■ PROBLEM
Below is a listing to copy exactly; no image goes into the copy.

■ SOURCE MATERIAL
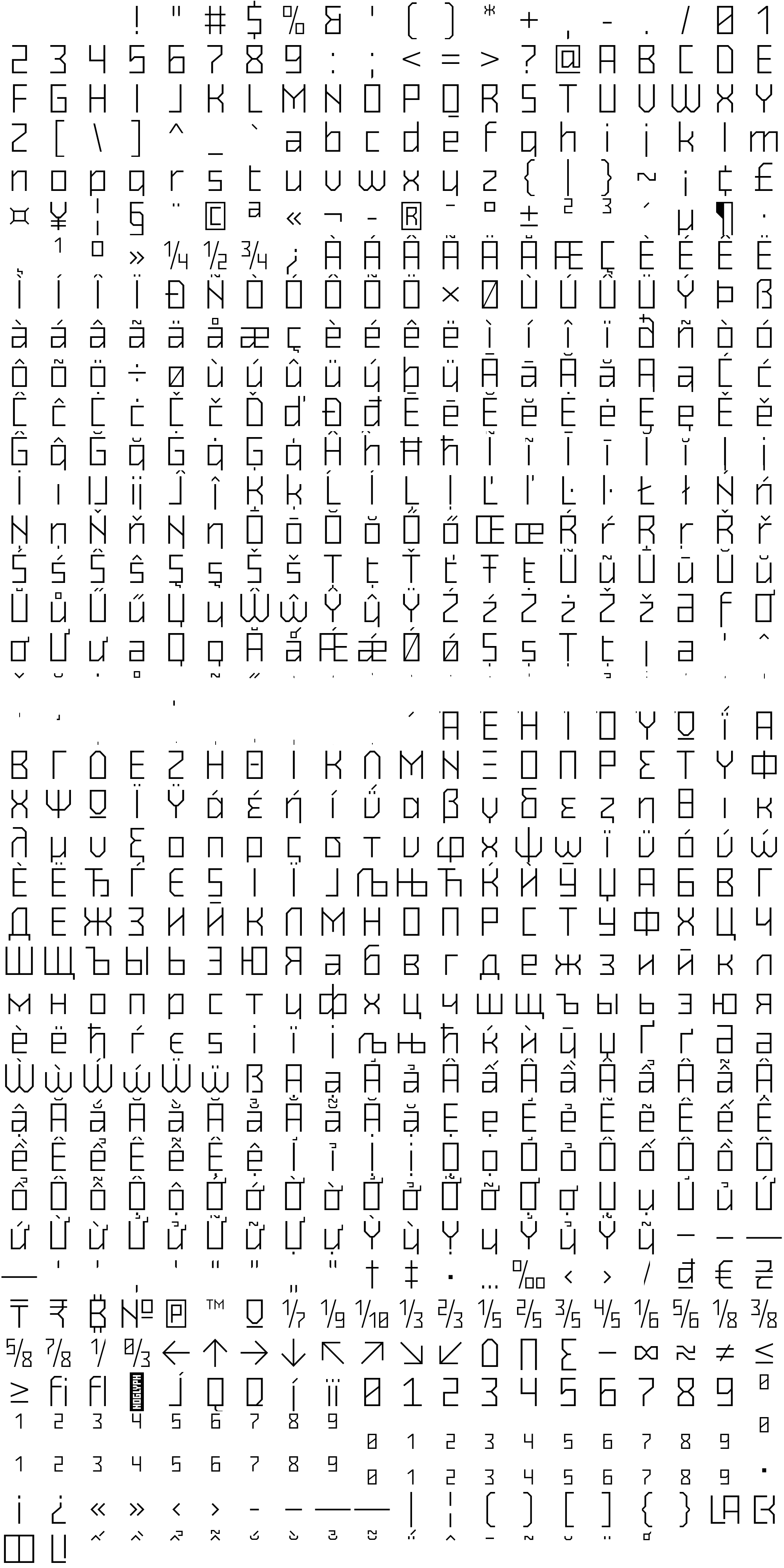 Due to the nature of thumbs' generation process, some of the glyphs in the glyph map may appear cropped.
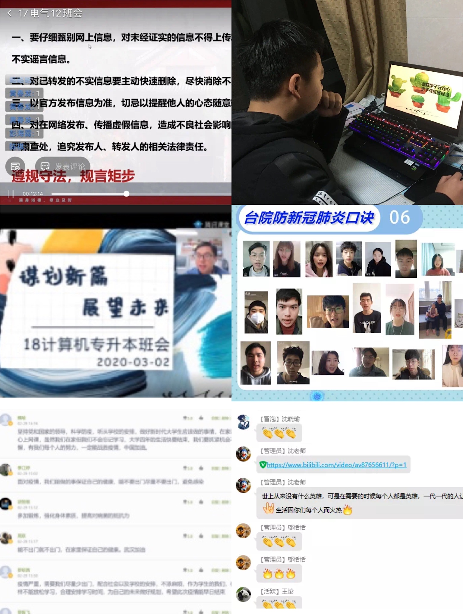 本次线上主题班会,pa捕鱼官方网站各年级辅导员、班主任带领同学们围绕老员工紧密结合当下疫情防控实际,分别从“主动担当、听党指挥、珍惜生命、致敬英雄、加强自律、关爱心灵、谋划新篇”等7个方面入手,向同学们传达了公司的相关文件精神和教学安排,并强调同学们要积极配合公司的相关工作,每日按时打卡上报健康情况,未经允许,不得提前返校,坚决贯彻落实“零报告”制度,做到不缓报、不漏报、不误报和不瞒报。在做好疫情防控的主题教育和思想政治教育的同时,公司同样重视员工的在线教学工作,尤其强调特殊时期的班风、学风建设问题。班主任、辅导员通过线上班会了解了员工目前在线学习的准备状况和存在的实际问题,做好心理疏导和在线帮助工作。对员工尤为关心的补考、转专业及在线教学的具体问题,班主任、辅导员也进行了热情、具体、详细的解答。
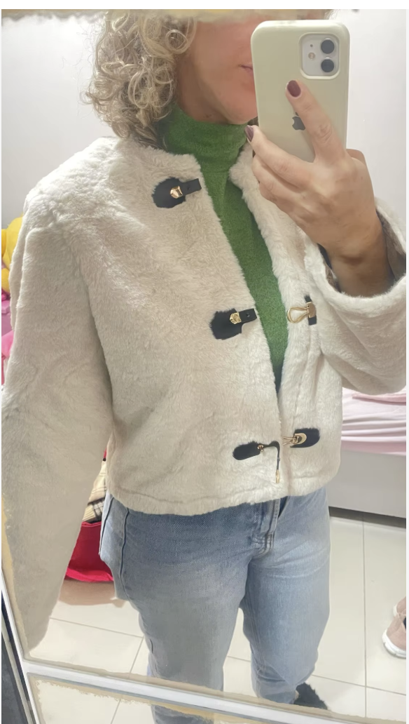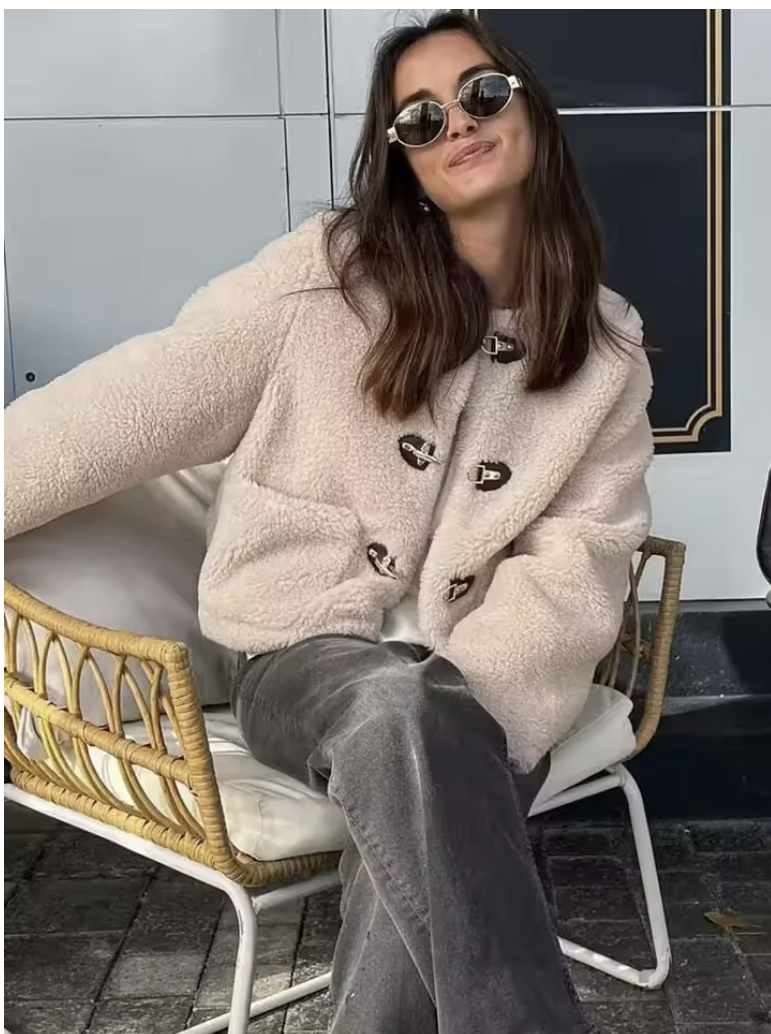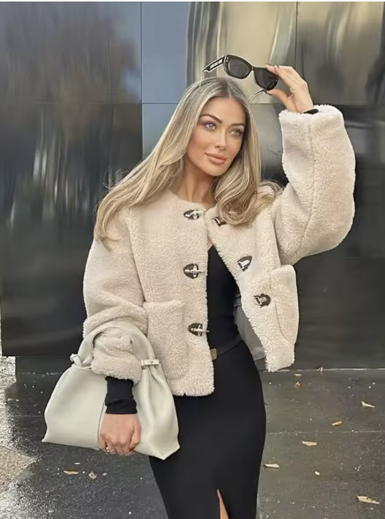 Warm Faux Fur Jacket for Women – Double-Sided Knotted Buckle Coat

■ WORKED SOLUTION
 Due to the nature of thumbs' generation process, some of the glyphs in the glyph map may appear cropped.
 本次线上主题班会,pa捕鱼官方网站各年级辅导员、班主任带领同学们围绕老员工紧密结合当下疫情防控实际,分别从“主动担当、听党指挥、珍惜生命、致敬英雄、加强自律、关爱心灵、谋划新篇”等7个方面入手,向同学们传达了公司的相关文件精神和教学安排,并强调同学们要积极配合公司的相关工作,每日按时打卡上报健康情况,未经允许,不得提前返校,坚决贯彻落实“零报告”制度,做到不缓报、不漏报、不误报和不瞒报。在做好疫情防控的主题教育和思想政治教育的同时,公司同样重视员工的在线教学工作,尤其强调特殊时期的班风、学风建设问题。班主任、辅导员通过线上班会了解了员工目前在线学习的准备状况和存在的实际问题,做好心理疏导和在线帮助工作。对员工尤为关心的补考、转专业及在线教学的具体问题,班主任、辅导员也进行了热情、具体、详细的解答。
 Warm Faux Fur Jacket for Women – Double-Sided Knotted Buckle Coat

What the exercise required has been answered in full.